Innovation Silos The importance of the right organisational model to innovate

During my career, I have moved back and forth between innovation and business units. When I joined back to the innovation team, my colleagues in the business unit, said: “Hey, that’s so cool! You are going to innovate!”. Leaving aside the very romantic idea my colleague had of what working in an innovation team is, what worries me more about this statement is that it illustrates the barrier between the “official innovators” and the rest of the company. This barrier has been created by the organisational model itself, tagging a concrete area of the company as #innovation.

 

Bring innovation and business units as close as possible

However, becoming an innovative company has very little to do with just setting up an innovation team. A capable and well funded innovation team does not guarantee innovative initiatives to have an impact for your company.  It is key to engage the business units to scale up and operate the initiatives that get the approval. If your organisational model keeps the innovation and the business units in silos, you get inefficiency and frustration on both sides.The business unit complaints about not having the time to innovate and the misalignment between the business needs and the innovation team deliverables. On the other hand, the innovation unit feels innovation is not a priority for the business team and given the innovation team is not close to the business they don’t have enough information about the challenges the business team is facing. It could be argued that the company strategy should close the gap and common objectives can be set. In practise, business and innovation units have different goals and different ways to measure success. 

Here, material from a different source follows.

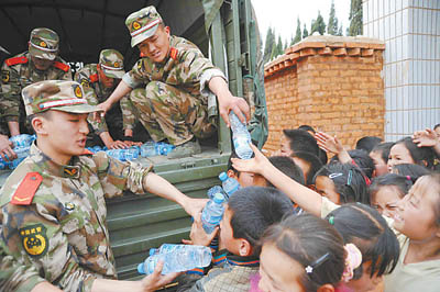 每桶水都有八九十斤重,剛搬了幾桶全身就濕透了,好多戰(zhàn)友都脫下衣服干活兒。太陽(yáng)很毒,每天我們都要暴曬十來(lái)個(gè)小時(shí),加上塑料桶的摩擦,大家的身上不是被曬暴皮,就是被桶磨破了。這幾天不時(shí)還要出去撲救山火。這樣一來(lái),暴皮的地方出現(xiàn)了不少水泡,稍碰一下就特別疼。有的戰(zhàn)友一狠心,干脆把水泡扎破了。
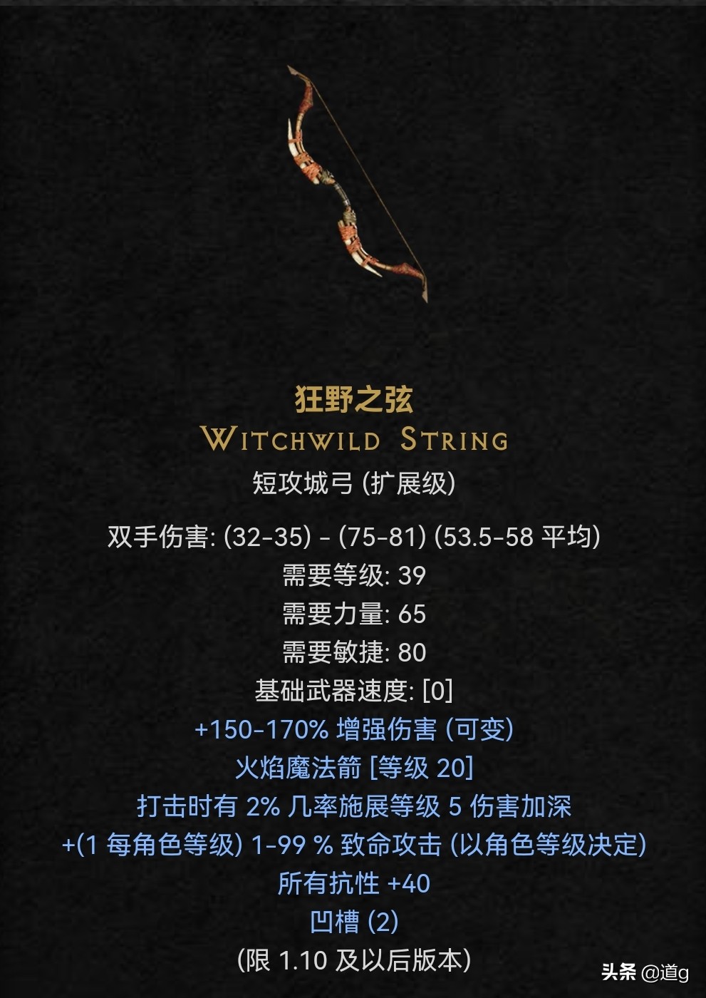 狂野之弦(以下简称狂野)一直以来被暗黑2的玩友认为是二线弓,但我在这篇文章就是要证明狂野是一线弓,而且是有妙用的。在此篇幅较长,希望大家耐心阅读,原创不容易,欢迎各位爱好者关注、讨论与指正。第一部分——我着重介绍一下狂野:如图,狂野初始为短攻城弓的底子,几条属性,几乎条条精彩。(1)2%几率施展等级5伤害加深——PS:亚特玛的圣甲虫项链(以

The solution for this dilemma is to bring innovation and business units as close as possible. How much? It depends on the organisation capabilities and the type of innovation.

Incremental innovation shall be led by the business units 

For incremental innovation, no doubt the team best suited to deliver efficiently is the business unit itself. They are on the front line of the market and understand the problems to solve better than anyone else.

What do the teams need to deliver? They need the common understanding at all levels that innovation is part of the product cycle they manage, not a lateral activity. This decision means to the business unit to:

  • Develop the skills to run effective innovation cycles. 
  • Create a trust environment where try&learn with the minimum resources is encouraged and recognised.
  • Allocate resources to prototype, so it becomes a business-as-usual activity not a nice to have. 

If innovation methodology is new to the business units or they don´t have the right profiles, the innovation team may support them to make a start covering the gaps until the business team is on track.

Disruptive Innovation can be delivered jointly between innovation and business units

Disruptive innovation is a different story. These initiatives are trying to change the rules and support the company’s long-term revenues. Given these are unexplored territories there is no operating unit looking after these topics. Hence, it makes sense to have a dedicated innovation team to tackle the challenge. Or not. For large companies, with multidisciplinary teams skilled in different areas there is an option for collaborative disruptive innovation. Disruptive innovation can be led by an innovation team, however, enrolling business units to some extent in these initiatives is possible and beneficial.

  • It’s very rewarding for the business units, so they feel part of the future of the company and reduce the anxiety that changes may make them feel.
  • It is a source of subject experts and incorporates diversity to the analysis of the problem and the design of the solution.
  •  It’s a way to reduce the friction and speed up the hand over of these initiatives to the business areas in the future.

What do the teams need to deliver? 

  •  Business unit members are allowed to join for a period of time, e.g. from 3 to 6 months, to a disruptive programme where they can contribute with their expertise. 
  • Innovation units act as the resident disruption team members. They lead the programme to maintain consistency, methodology and focus. 

In summary, removing the organisational model silos is key to innovate effectively. It is a paradox that the era of open innovation had arrived for some companies earlier than the collaboration between their own innovation team and the business areas.